Your motherboard has got the 1.1 pcie


----------



## KennyT772 (Nov 1, 2007)

Finnally, someone who does back up their posts with information. I am curious what motherboards have this issue, is it all older motherboards, or just ones with a older xfire/sli chipset. 

I want to know why they are not compatable.


----------



## Frick (Nov 1, 2007)

I wasn't concerned about my motherboard having PCIe 1.0a. 

What I am concerned about is this:

RD580 PCIe 1.0a
RS600 PCIe 1.0a
RS690 PCIe 1.0a
P965 PCIe 1.0a

That means a lot of people with kickass motherboards (say a good p965-board) cannot upgrade their graphic cards.. And that's a real shame IMO.


----------



## hugz (Nov 1, 2007)

take a look here http://gathering.tweakers.net/forum/list_messages/1241374


----------



## Frick (Nov 1, 2007)

Ooohh.. Nice! Saved to my computer.


----------



## hugz (Nov 1, 2007)

P965 chipset is PCI-E 1.1a  that dutch website was wrong.



			
				Tatty One said:
			
		

> Look at page 9, paragraph 1.3.4 http://download.intel.com/design/chipsets/datashts/31305303.pdf


----------



## GREASEMONKEY (Nov 14, 2007)

Finding information on the compatability of PCI-E 2.0 cards with older motherboards seems to be elusive at best.I would like to put some self confirmed info on this subject out there.

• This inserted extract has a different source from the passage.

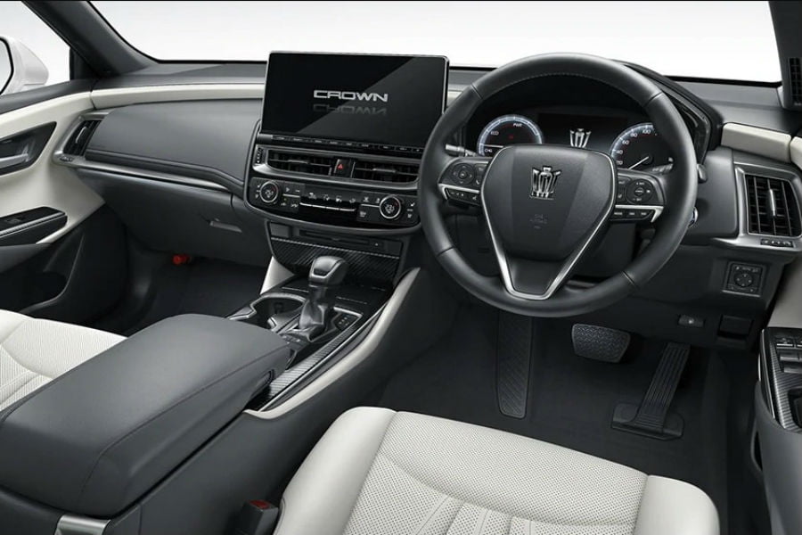 Η σημερινή παρουσιάστηκε πριν 2 χρόνια, ωστόσο η Toyota έκρινε πως χρειαζόταν αναβάθμιση. Όχι τόσο εξωτερικά όπου η μάσκα-ασπίδα, οι προφυλακτήρες και τα φωτιστικά σώματα μένουν σχεδόν απαράλλαχτα (νέα χρώματα και σχέδια για τις ζάντες αλουμινίου, οι κυριότερες προσθήκες, μαζί με την έκδοση RS των φωτογραφιών), όσο εντός της καμπίνας. Εκεί το Crown ενστερνίζεται πλήρως την ψηφιακότητα, αποκτώντας μια τεράστια οθόνη 12,3 ιντσών στο κέντρο του ταμπλό (από τις μεγαλύτερες στην αυτοκινητοβιομηχανία) και αντικαθιστώντας τις διπλές οθόνες (μία στην κορυφή και μία στο κέντρο του ταμπλό) που είχε μέχρι τώρα. Εννοείται Apple CarPlay και Android Auto συγκαταλέγονται στο στάνταρ εξοπλισμό.

I purchased an XFX 8800GT which is PCI-E 2.0,which i have installed on a Bio-Star T-force
939 board(pci-e version 1.0a compliant)and works great.

I also intstalled the 8800GT on a Abit AT-8 board(pci-e version1.0a),and it works fine in this mobo also,obviously not in crossfire though.I was told by a tech at AMD that the X3200 chipset on the AT-8 would support 2 PCI-E 2.0 cards in cross-fire.


----------



## Solaris17 (Nov 14, 2007)

hugz said:


> As far as I know all P35 chipsets got 1.1, 680i got it too
> 
> nForce4 PCIe 1.0a
> MCP67 PCIe 1.1
> ...




FUCK!!!! my GF got me an 8800GT for x-mas that i cant have yet and now it isnt compatable with me mobo?!


----------



## Wile E (Nov 14, 2007)

Solaris17 said:


> FUCK!!!! my GF got me an 8800GT for x-mas that i cant have yet and now it isnt compatable with me mobo?!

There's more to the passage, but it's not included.